IMG_8187 Four Corners Monument – NM, AZ, CO, UT – 063007, originally uploaded by MoLisa44
Four Corners encompasses the point where Arizona, Utah, Colorado and New Mexico meet – the only location in America where four states touch. The Four Corners are not a natural phenomena, rather a political construct – as if political other borders are more natural
. This construct is the result of how Arizon became a State during the Civil War. The Confederate States were laying claim to the New Mexico and the Arizona Territories and the Congress, now without their Rebel counterparts, voted to create Arizona by deviding New Mexico and Arizona at the 32nd meridian west from Washington. You can see the Four Corners in the Google Maps view below:
Some enterprising cartographer and historian should research the transition of using natural borders to abstracted political borders and the causes and effects. Was this the result of the confluence of advances in surveying (probably not as George Washington himself was a master surveyor who set the fence post for the White House) or advances in river ecology (rivers shift their courses over time) or some greater Enlightenment quest for rationality and perfection?

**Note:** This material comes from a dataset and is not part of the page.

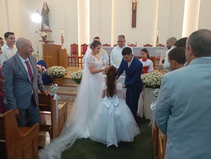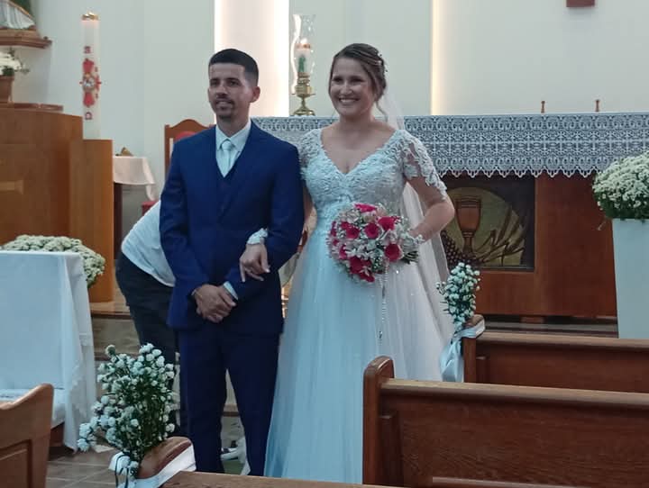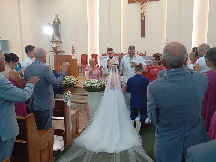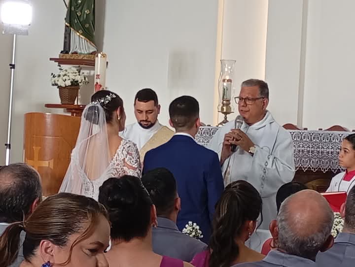 |O padre Jamir celebrou mais uma belíssima cerimônia de casamento, desta vez ocorreu o matrimõnio de Rodrigo e Glaucia, na tarde do último sábado 10 de maio de 2025, por volta de 16:00 horas, na Paróquia S. Bárbara, em Fervedouro.
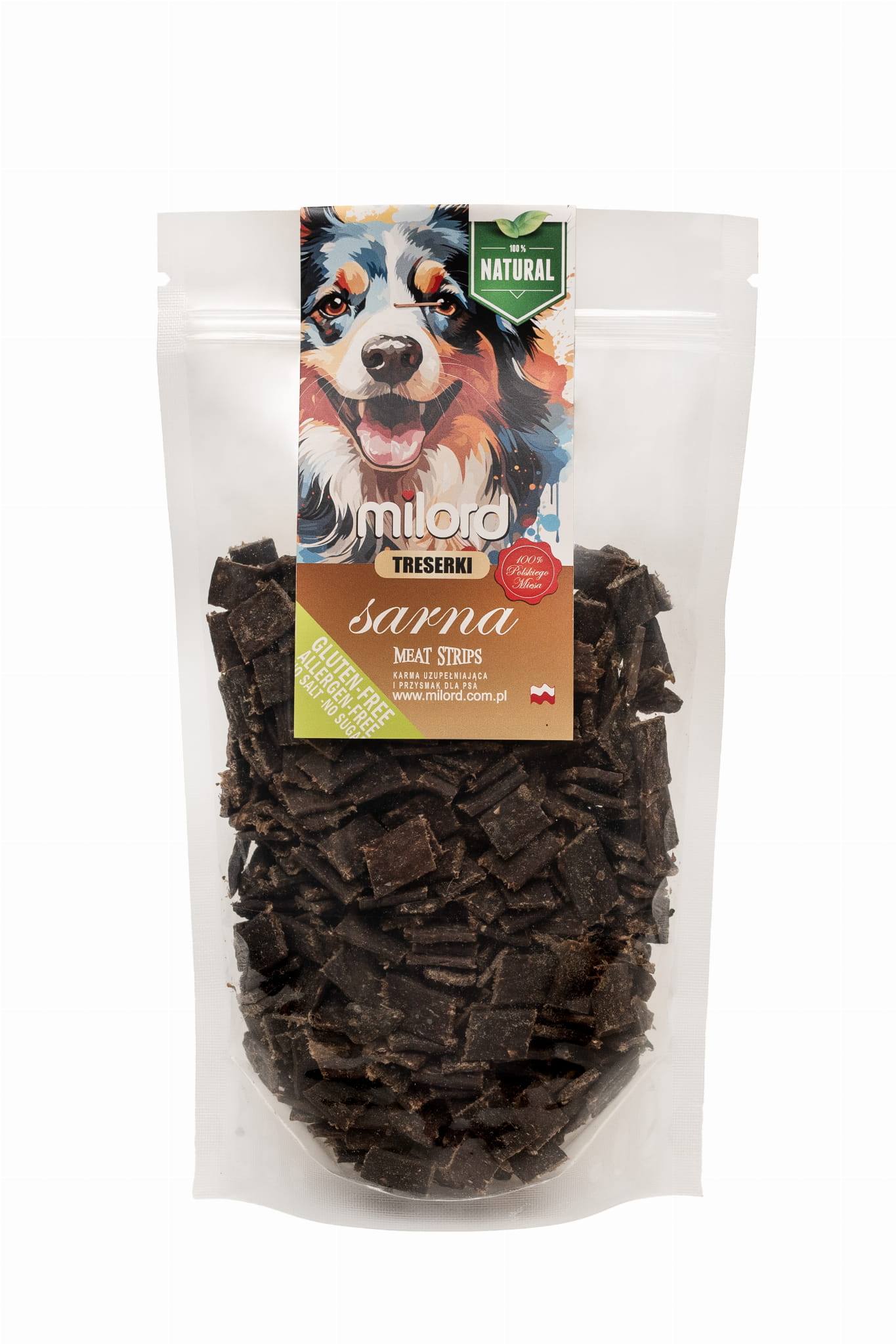 Treserki z sarny Milord to naturalne przysmaki treningowe dla psa w formie małych, wygodnych kawałków, które idealnie sprawdzają się podczas szkolenia, spacerów i codziennej pracy z pupilem. Powstają w 100% z mięsa mięśniowego z sarny, dzięki czemu są lekkostrawne i bardzo dobrze tolerowane nawet przez psy z wrażliwym układem pokarmowym.

Four Corners by penguinchris
I’ve long been fascinated with demarcation of territory, especially as a notion of boundary. Boundaries often were delineated by natural phenomena such as rivers, lakes or mountains. Just east of the Four Corners is the San Juan River, which is wholly ignored in laying out the territories. At what point did boundary, often manifested through corporeal elements (walls, fence, etc), detach to become abstracted Monadic elements?